The low reef island is the crest of an ancient coral reef cap and massive underlying volcano. Beyond the shallow fringing reef and terrace, the slopes of the extinct volcano drop off sharply to the deep floor of the equatorial Pacific Ocean. The equatorial undercurrent deflects off the western flank of Howland, pushing nutrient-rich waters up into the sunlit zone, increasing marine productivity and benefiting many species of marine life. This important phenomenon may be limited only to Howland, Baker, and Jarvis Islands because of their steepness and location on the equator.

  • Birds

    sooty terns 150x118

    Seabirds and shorebirds are the dominant wildlife on land. Thirteen seabird species and nine shorebird species have been observed during the limited trips to Howland Island. The earliest bird surveys at Howland Island took place long after the introduction of Polynesian rats (by 1854), making it difficult to know exactly what bird species were present originally.
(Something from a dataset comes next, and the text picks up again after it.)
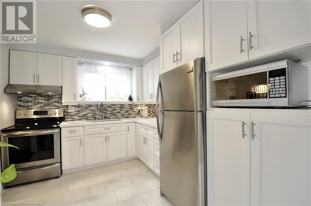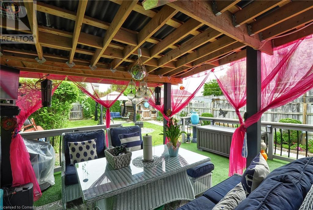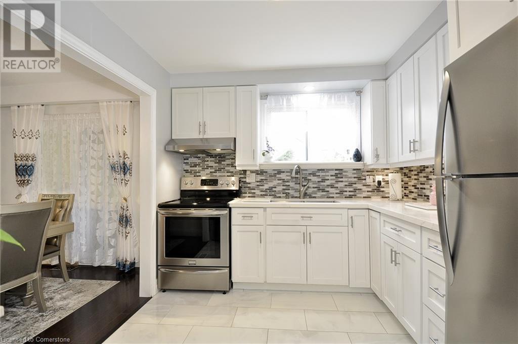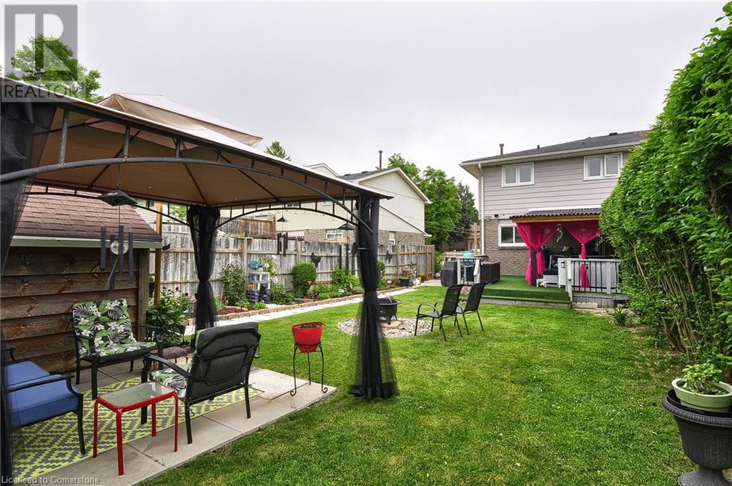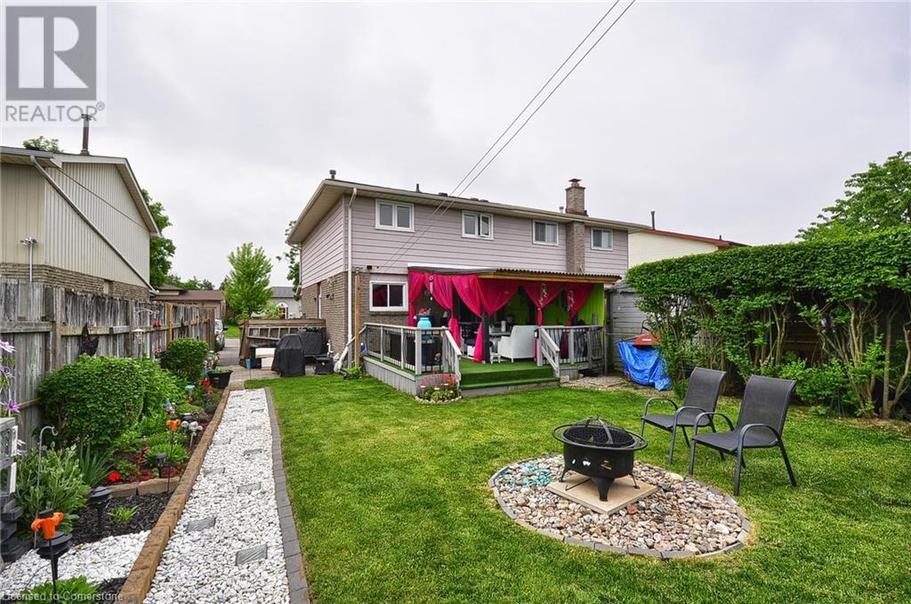 A rare opportunity, ready to move in. This 2 story semi-detached home with a large private back yard. Step into a bright modern kitchen with stainless steel appliances, quartz countertops, pot lights under counter and above sink with ceramic tile flooring. Walk-out to a large covered deck, perfect for entertaining. The main floor features a large living room with bay window, separate dining room and bathroom. The upper level features 3 bedrooms, all without carpet and natural light throughout. The finished basement offers a separate entrance, large rec room and bonus room and laundry. Minutes to public and separate schools, parks, community centre gym and shopping and minutes to highway. A MUST SEE. (id:46441)

Cats were introduced during 1935 to 1942, resulting in a further loss of seabird diversity. Polynesian rats were eliminated from the island sometime after 1938, and feral cats were eliminated from the island by 1986. Today the most numerous breeding seabird species at Howland are the lesser frigatebird (Fregata ariel), masked booby (Sula dactylatra), and sooty tern (Onychoprion fuscatus).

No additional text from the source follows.